Adaptations sectorielles et conventions collectives : nuances à connaître

Les conventions collectives peuvent aménager les règles du fractionnement, allant parfois jusqu’à remplacer les jours supplémentaires par des primes, des RTT ou supprimer ce droit. Ainsi, dans le secteur du BTP, la gestion se fait souvent via les caisses de congés payés avec des critères spécifiques, tandis que dans le secteur Syntec, les jours de fractionnement peuvent être attribués automatiquement selon l’accord en vigueur.

Vérification indispensable des clauses conventionnelles

Il est primordial pour salariés et employeurs de consulter leur convention collective ou leur accord d’entreprise, car les dispositions plus favorables à un salarié prévalent sur le Code du travail. En revanche, des suppressions négociées sont légales, à condition d’avoir été validées dans le cadre des relations sociales.

Obligations et bonnes pratiques RH pour la gestion des jours de fractionnement

Depuis les récentes évolutions législatives, la transparence et la traçabilité sont au cœur des pratiques à adopter. Les employeurs ont l’obligation d’informer chaque salarié sur ses droits, de s’assurer du respect des conditions d’octroi, et d’intégrer correctement ces jours dans les logiciels de gestion du temps.

Pour éviter les contentieux, il est conseillé d’instaurer des procédures écrites claires, de former les managers et le personnel RH, et de conserver toutes les preuves relatives aux congés prises, aux renonciations éventuelles, et aux communications avec les salariés. Ces bonnes pratiques assurent aussi une meilleure qualité administrative, limitent les erreurs de calcul et renforcent la satisfaction au travail.

  • Mettre en place un système fiable de gestion des congés, intégrant le calcul automatique des jours de fractionnement.
  • Former les équipes RH et les managers aux règles portant sur la rétroactivité et le fractionnement.
  • Informer régulièrement les salariés sur leurs droits et les démarches à suivre.
  • Archiver scrupuleusement toutes les demandes et décisions relatives aux congés et aux renonciations.
  • Prévoir une communication préventive pour anticiper les fermetures d’entreprise hors période légale.

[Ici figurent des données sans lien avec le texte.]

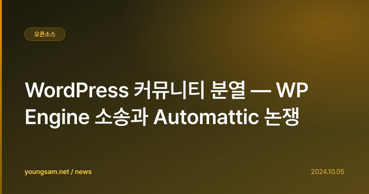 Automattic의 CEO Matt Mullenweg와 WP Engine 간의 법적 분쟁이 WordPress 커뮤니티를 양분하며 오픈소스 프로젝트의 거버넌스와 상업적 이용에 대한 근본적인 논쟁을 촉발했다.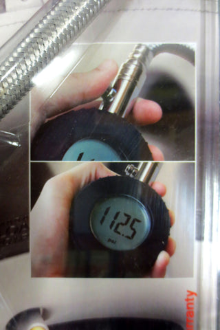 New professional RV & truck gauge by Accutire, model MS-5520. Large LCD screen with 0.5 resolution and 0-150 PSI range, bleed valve for exact pressure, extra long handle for dual tires, sure grip rubber handle and storage pouch. Surplus from a truck shop in Quebec, Canada.

Quels salariés ont droit aux jours de fractionnement ?

Tous les salariés du secteur privé ayant acquis au moins 20 jours ouvrables de congés payés, qu’ils soient en CDI, CDD, intérimaires ou apprentis, peuvent bénéficier des jours de fractionnement.

Comment calculer les jours de fractionnement ?

Le calcul se fait uniquement sur les 20 premiers jours ouvrables et prend en compte les congés pris hors période légale (1er mai – 31 octobre). Le barème légal attribue 1 jour pour 3 à 5 jours hors période et 2 jours pour 6 jours et plus.

Quel est le délai pour réclamer la rétroactivité des jours de fractionnement ?

La rétroactivité s’applique sur les trois dernières années selon l’article L3245-1 du Code du travail. Passé ce délai, le droit est prescrit sauf interruption par une procédure prud’homale.

Que faire en cas de refus de l’employeur d’attribuer les jours de fractionnement ?

Il convient d’entamer d’abord un dialogue interne, puis de solliciter le Comité social et économique. En dernier recours, le salarié peut saisir le Conseil de prud’hommes sans avocat pour les litiges inférieurs à 5 000 euros.

Peut-on renoncer aux jours de fractionnement ?

Oui, mais la renonciation doit impérativement être écrite et expresse, soit dans la demande de congé, un accord collectif, ou une clause de convention. Toute renonciation non formalisée n’est pas valable juridiquement.